最近、料理の世界もマニュアル全盛の感があります。全国展開のファミリーレストランなど、本部で作ったマニュアルに従って、簡単に手を加えるだけで料理が客席に運ばれるスタイルがごく普通に行われており、客席に料理を運ぶフロアでも、若いアルバイトのような人が、接客マニュアルで指示されたとおりの動きをしている、といった具合です。

たしかに、全国に同じ味とサービスの店を計画的に出店していくためには、完璧なマニュアルがあれば、料理をつくる人も、フロアサービス係も、それほど勉強や経験を積まなくても、何とか仕事をこなしていける、そのようなシステムにしなければとてもやっていけないでしょう。

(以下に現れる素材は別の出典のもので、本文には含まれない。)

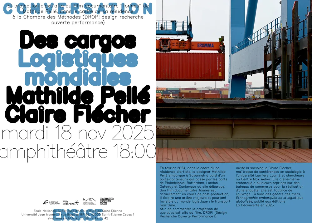 Afin de commenter la projection de quelques extraits du film, DROP! (Design Recherche Ouverte Performance !) invite la sociologue Claire Flécher, maîtresse de conférences en sociologie à l’université Lumière Lyon 2 et chercheure au Centre Max Weber. Elle a elle-même embarqué à plusieurs reprises sur des bateaux de commerce pour la réalisation d’une enquête. Elle est l’autrice de l’ouvrage : À bord des géants des mers, Ethnographie embarquée de la logistique globalisée, publié aux éditions
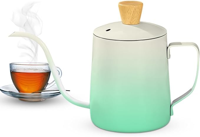 Generic - ابريق شاي صغير بغطاء من الستانلس ستيل بتصميم كلاسيكي للقهوة والشاي مع فوهة ضيقة طويلة وتصميم متين للاستخدام في المنزل والمكتب والسفر (اصفر واخضر)
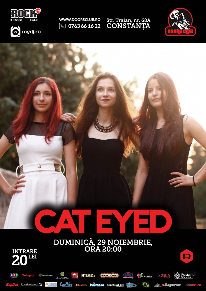 Clubul Doors îi așteaptă pe constănțenii pasionați de muzică live de calitate la o seară-fantezie cu trio-ul Cat Eyed. Evenimentul este programat duminică, 29 noiembrie, de la ora 20.00, iar prețul biletelor este de 20 de lei.
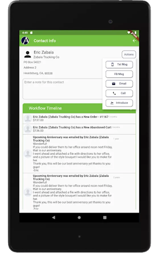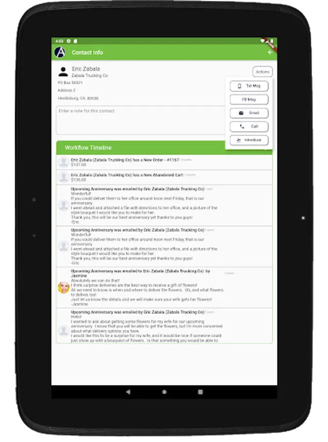 Look up customer information and see a complete history with ALL of their communications with your team - All emails, text messages, phone calls, and facebook messages. Record notes on client records. You can also see tasks that your staff are working on and staff clock in and out times.
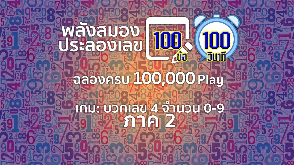 พลังสมองประลองเลข ตอน บวกเลข 4 จำนวน 0-9 "ภาค 2" (100 ข้อ 100 วินาที)
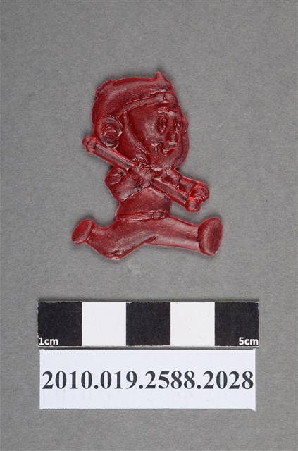 1.本物件為孫悟空尪仔仙。硬質塑膠材質,扁平,單一紅色,雙面浮雕圖案,兩面圖案相同。圖案為Q版頭戴金箍的孫悟空,肩上扛著金箍棒,呈跑步姿勢。孫悟空為西遊記之角色。

しかし、「如何にしてお客様に美味しく食べていただくか」という思いで、毎日市場を駆け回り、仕入れてきた食材を厨房で仕込んでいる身からみると、こうした仕事をマニュアルでシステム化するなんていうことは、とても考えられません。もし、懐石料理の厨房の中をマニュアル化しようとしたら、ものすごく膨大な資料の山となり、読むのが大変で、たぶんマニュアルの用を足さなくなってしまうでしょう。

たとえば、ある食材を「5分茹でる」とマニュアルに書いてある場合、システム化された厨房では5分茹でたらそのまま皿に盛りつけて食卓に並べるでしょう。懐石料理では、5分茹でた後、食べやすい味や硬さになっているか味見し、少し硬いようなら、もう一度手を加えます。

また、プロの料理人が包丁を入れた刺身と、素人が切った刺身と、切断面を顕微鏡で見ると、素人の包丁が入った刺身の方は細胞がつぶれてグチャグチャになっているのに対して、プロの料理人の方は細胞の配列もきれいに揃っていることが確認できます。

こうしたことは、長年の修業を積んで初めて身につくもので、マニュアルで即製できるものではないと思います。

今は、何でもマニュアルで片がつくような風潮ですが、よく注意してみると「マニュアルの落とし穴」があちこちで出てきているのではないでしょうか。いろいろな仕事場で、昔なら考えられなかったような事故が起きているのを時々耳にします。

マニュアルも人間が作ったものであり、100%完璧なものではなく、ずっと使われているうちに「劣化」も起こるでしょう。どんな世界でも「基本」というものがあり、それを身につけるのを怠って、マニュアルだけでやろうとすると、どこかに大きな落とし穴が口を開けて待っているという警告ではないでしょうか。